> **Task item**
Could you transcribe exactly the lines from the one containing "6 B CHÂTEAU" through the last line of the records below, leaving out the pictures?

> **Data extracts**
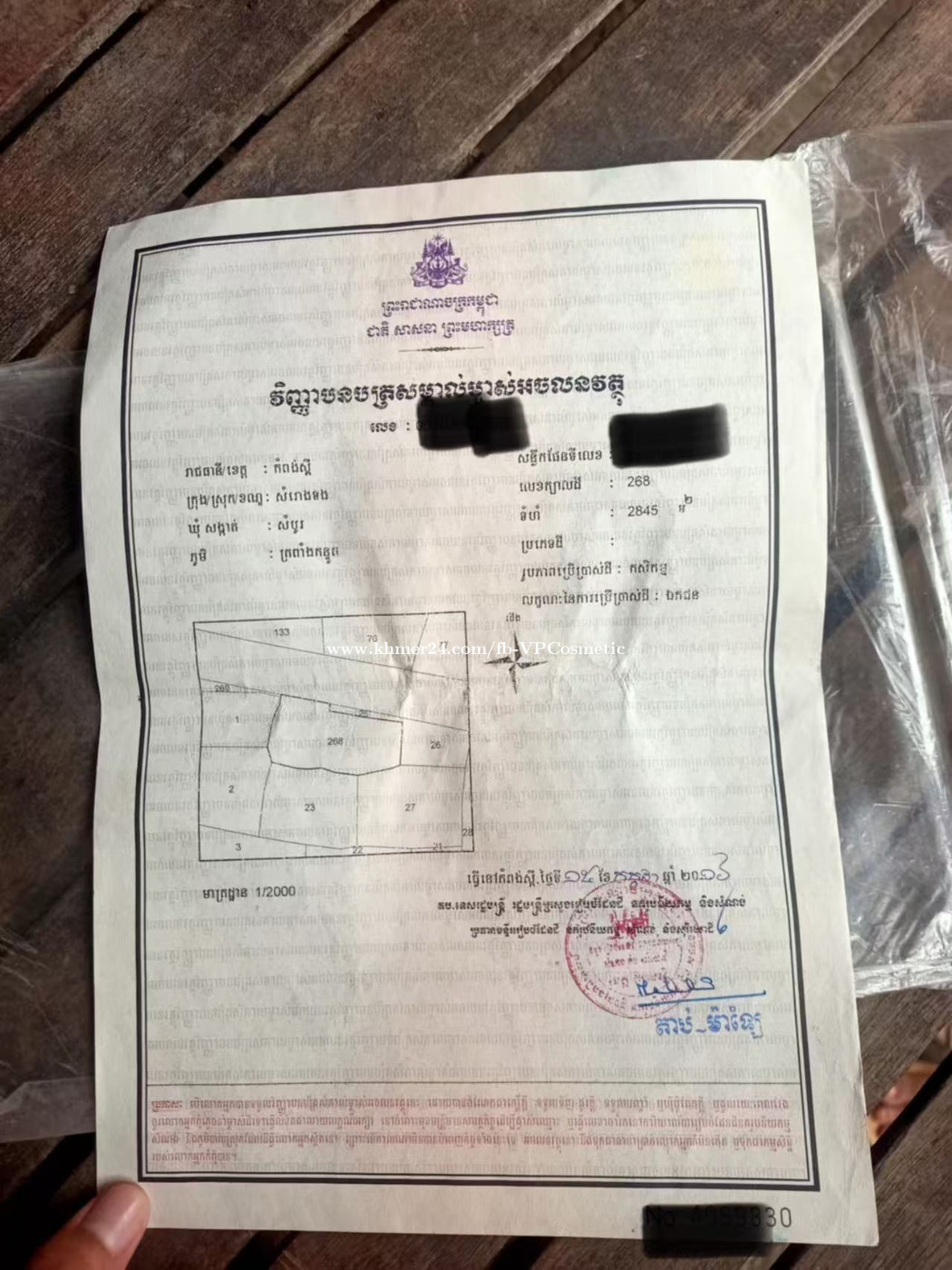 ដីលក់ បន្ទាន់ មានផ្ទះលំហែ និង ដំណាំពេញដី ប្លង់រឹង តំលៃត្រឹមតែ 195000$ ចរចារ ទីតាំងនៅវត្តអង្គខ្មៅ ផ្លូវ51
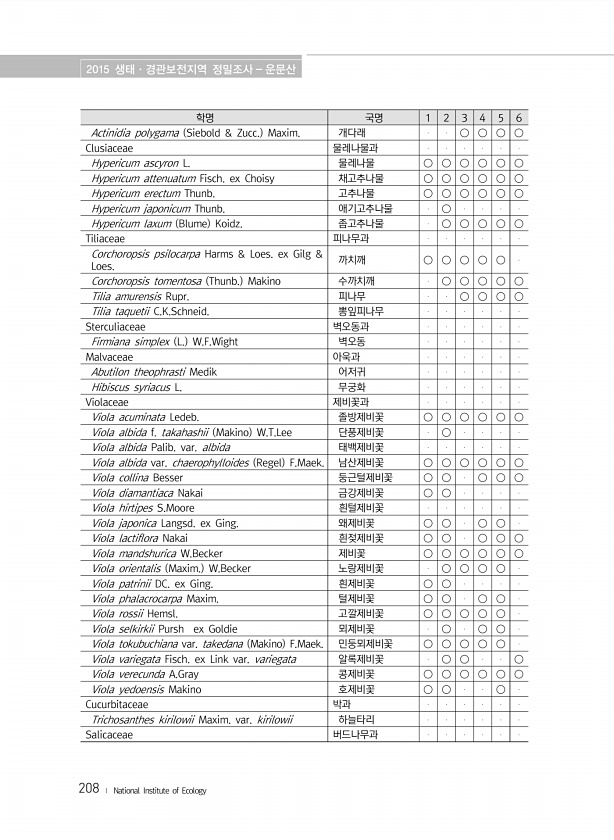 2015 생태·경관보전지역 정밀조사 운문산 208 ? National Institute of Ecology 학명 국명 1 2 3 4 5 6 Actinidia polygama Siebold & Zucc. Maxim. 개다래 ○ ○ ○ ○ Clusiaceae 물레나물과 Hypericum ascyron L. 물레나물 ○ ○ ○ ○ ○ ○ Hypericum attenuatum Fisch. ex Choisy 채고추나물 ○ ○ ○ ○ ○ ○ Hypericum erectum Thunb. 고추나물 ○ ○ ○ ○ ○ ○ Hypericum japonicum Thunb. 애기고추나물 ○ Hypericum laxum Blume Koidz. 좀고추나물 ○ ○ ○ ○ ○ Tiliac...
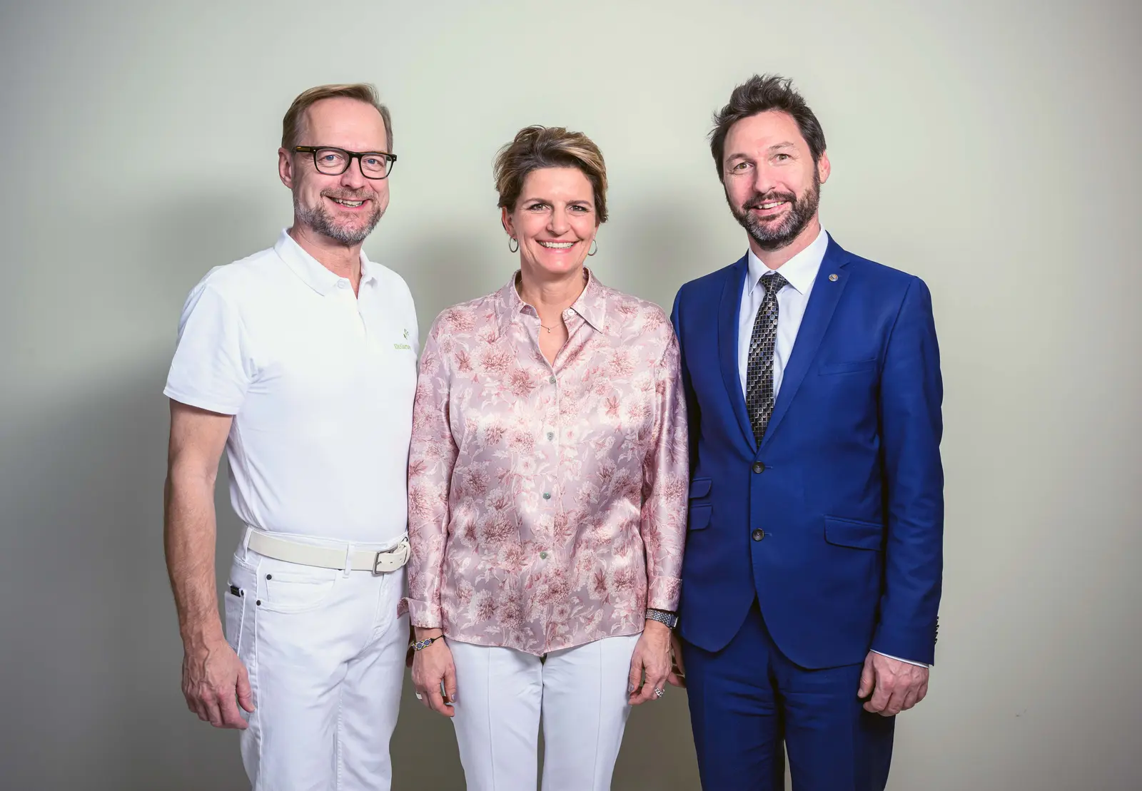Eine jahrzehntelange harmonische Zusammenarbeit mit besten Ergebnissen spricht eine deutliche Sprache. Auch auf Führungsebene wird gegenseitige Wertschätzung und kontinuierliche Optimierung täglich praktiziert. Für die Leitung im Park Igls Medical Spa Resort sind verantwortlich (von links nach rechts):
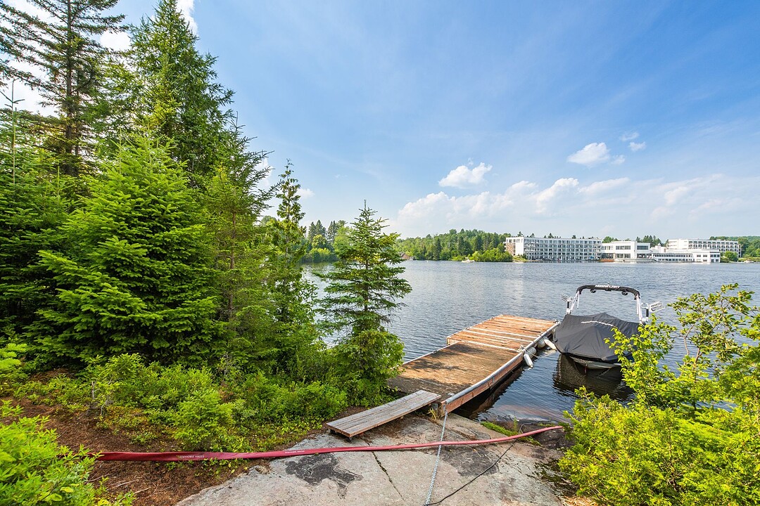 Navigable waterfront - Nestled on the shores of magnificent Lac Dupuis, this cozy 3-bedroom home offers an exceptional living environment in the heart of nature. Its open floor plan, bathed in natural light, showcases convivial living spaces, perfect for admiring the view of the water. Set on a vast 29,495 ft² lot, it offers direct access to hiking trails and a multitude of outdoor activities. Take advantage of nearby tennis and basketball courts, as well as 24-hour private security. Just steps away from Parc Estérel, a haven of peace awaits you!
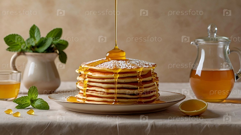 Вкусные блины с медом и листьями мяты на стильной тарелке в бежевой кухне.Концепция российского праздника Масленицы
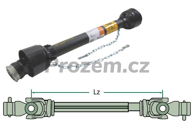 Lz=1210mm (délka kloubové hřídele v zasunuté poloze na středý kardanových kloubů), konstrukční řada PTO 10, profilové párování PTO 10, provedení pro traktor 1 3/8" 6 zubů a pro stroj 1 3/8" 6 zubů.
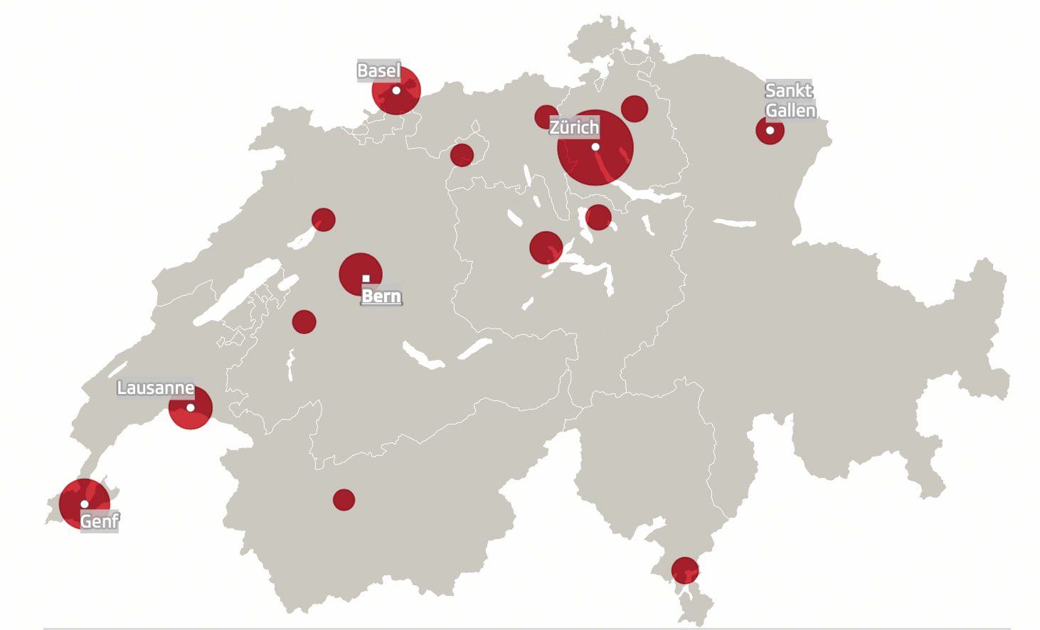 Die Stadt Zürich und ihr «Gürtel», der sich bis zu 35 Kilometer vom Zentrum weg ausdehnt, ist die grösste Agglomeration der Schweiz. 1.4 Millionen Menschen leben hier. Die kleinste Agglomeration des Landes ist Martigny mit gut 20’000 Einwohnerinnen und Einwohnern.
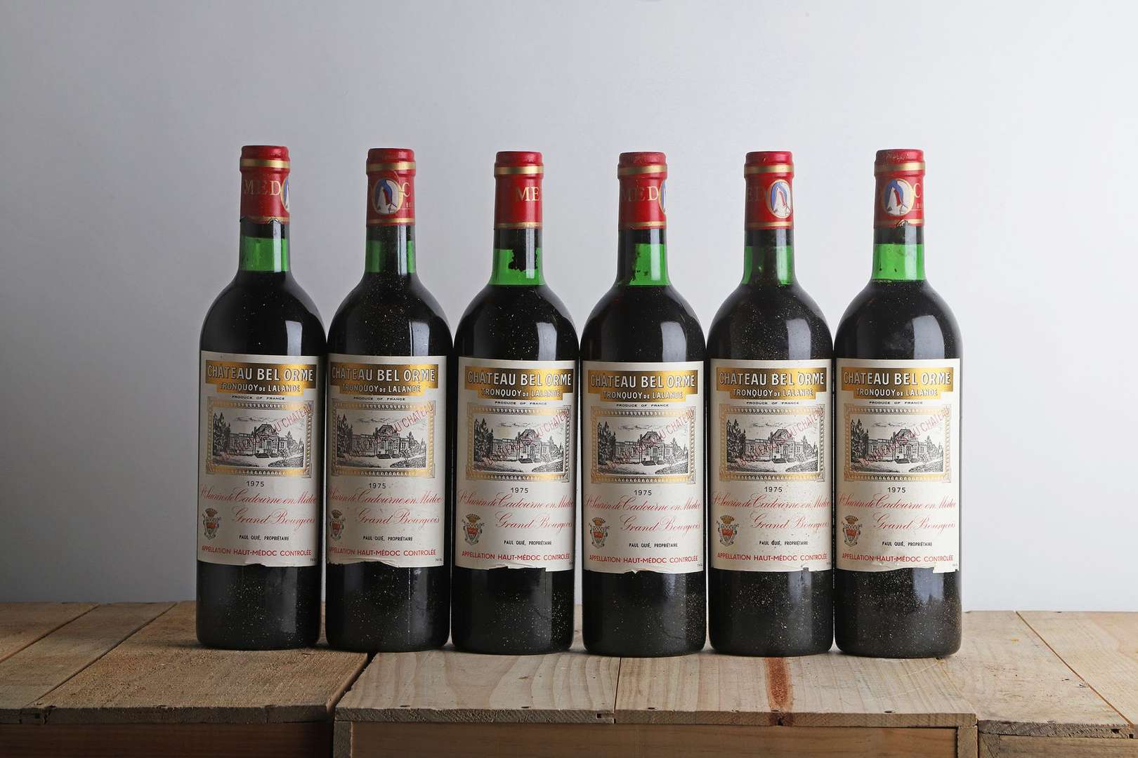 6 B CHÂTEAU BEL ORME TRONQUOY DE LALANDE (Caisse Bois d'origine) (T.L.B.+ ou mieux| e.a| 2 c.a. bas de jupes) - 1975 - Haut-Médoc
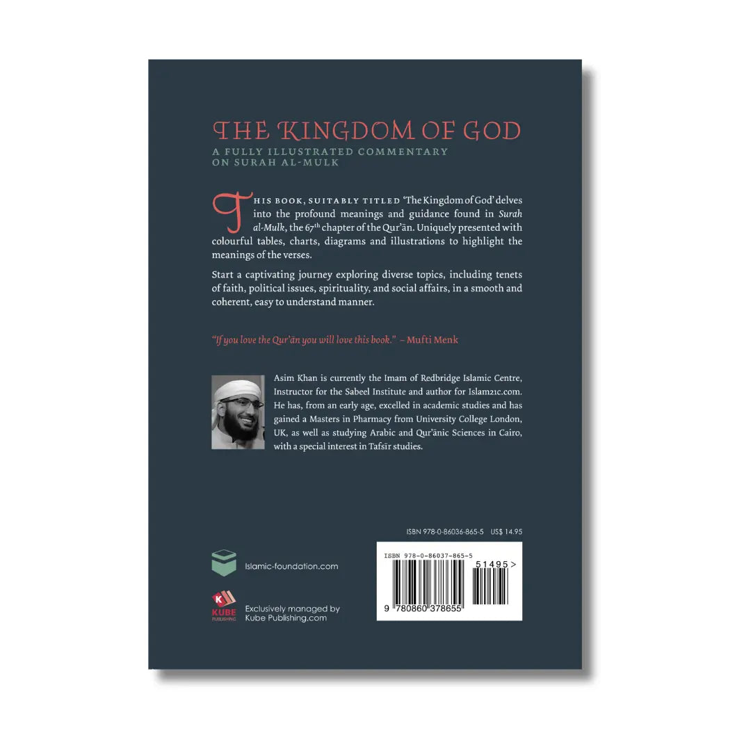 Surah al-Mulk (The Kingdom) invites the reader to look at how the universe moves by God's will, under His perfect control, succinctly captured within its opening verse: Blessed is the One in Whose Hands rests all Kingdom. And He is Most Capable of everything. The Surah (chapter) challenges the reader to formulate a new concept of the universe and its relationship with its Creator as being like that of a kingdom with respect to a king. The reader is sent on a journey to discover a new sense of perspective on the power of God and the extent of His control over the cosmos and beyond. From this new and enlightened viewpoint, the planet and the present worldly life pales into insignificance when placed before the vastness of the seven heavens and the eternity of the Afterlife.

> **Your solution**
 6 B CHÂTEAU BEL ORME TRONQUOY DE LALANDE (Caisse Bois d'origine) (T.L.B.+ ou mieux| e.a| 2 c.a. bas de jupes) - 1975 - Haut-Médoc
 Surah al-Mulk (The Kingdom) invites the reader to look at how the universe moves by God's will, under His perfect control, succinctly captured within its opening verse: Blessed is the One in Whose Hands rests all Kingdom. And He is Most Capable of everything. The Surah (chapter) challenges the reader to formulate a new concept of the universe and its relationship with its Creator as being like that of a kingdom with respect to a king. The reader is sent on a journey to discover a new sense of perspective on the power of God and the extent of His control over the cosmos and beyond. From this new and enlightened viewpoint, the planet and the present worldly life pales into insignificance when placed before the vastness of the seven heavens and the eternity of the Afterlife.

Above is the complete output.